Voltages can induce currents as currents can induce voltages. They are the two sides of the same phenomenon.

Since inductors tend to maintain their currents, when you switch from a voltage source to a load, the voltage has to be inverted so as to maintain the current.

You find an analogous behavior with a capacitor. In order to maintain its voltage, it inverts its current when you switch from a source to a load.



--- End quote ---

Yes! This! It (kind of) makes perfect sense.
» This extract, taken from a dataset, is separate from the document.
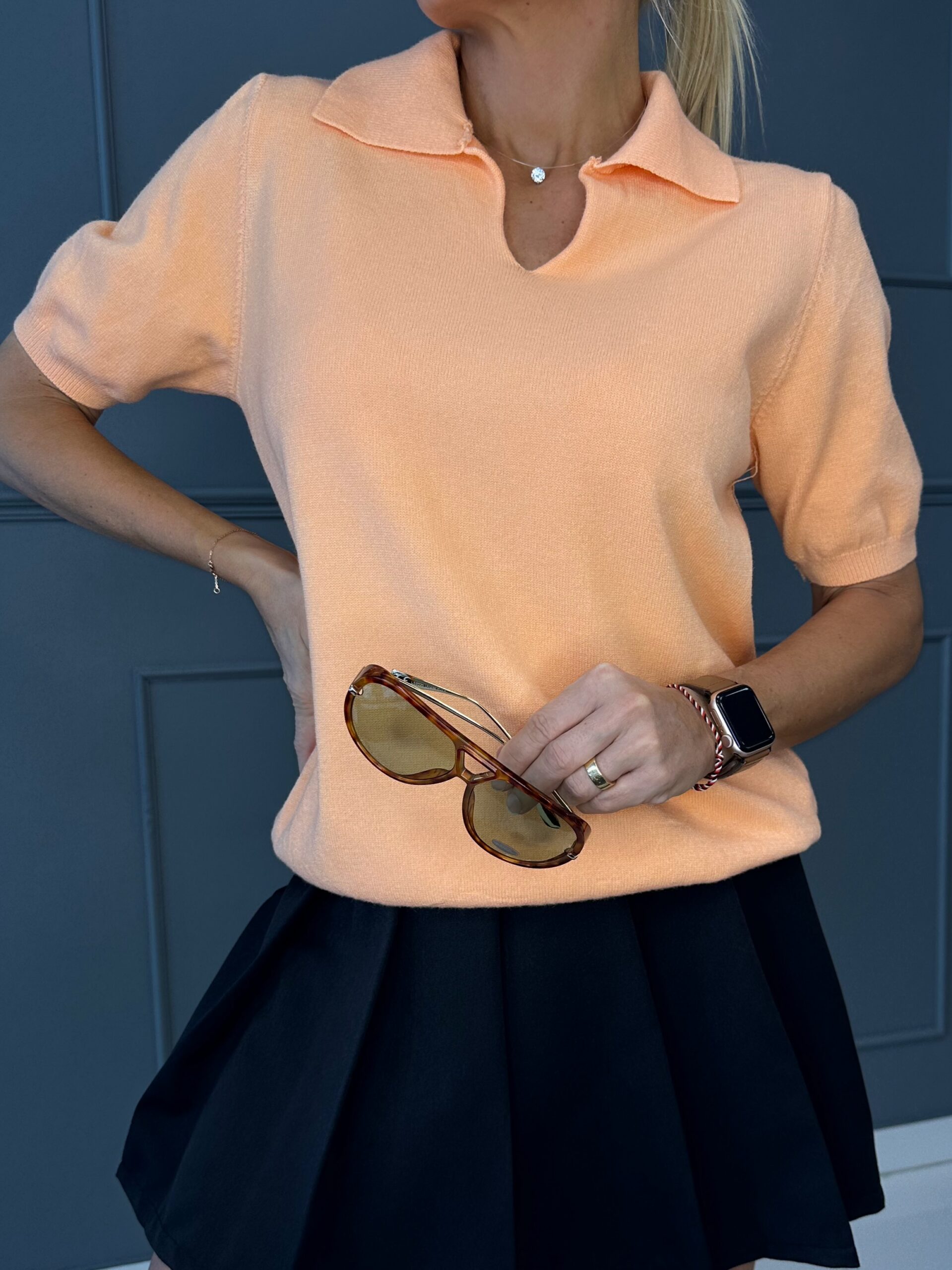 Pluus on saadaval kolmes trendikas toonis – pastellkollane, oranž ja virsik –, mis lisavad garderoobile värskust ja naiselikku sära. Universaalne üks suurus sobib XS–M kandjale, kohandudes tänu kudumi elastsusele erinevate kehatüüpidega.

I'm going to have to ponder/think/sleep on this one, but I can sort of feel the understanding starting to form....

hugo:
Just go to: http://www.falstad.com/circuit/

The "Circuits" menu contains a lot of sample circuits for you to try.  ;)

T3sl4co1l:
If you (think you?) understand capacitors:

Just swap V and I.

It's that simple. ;D

To really cook your brain -- and drive home your knowledge of circuits! -- demonstrate the equivalence of parallel-series circuits where V and I are swapped, L and C, and series and parallel.  The node voltage equations of one will be exactly the current mesh equations of the other (with V replaced with I, of course).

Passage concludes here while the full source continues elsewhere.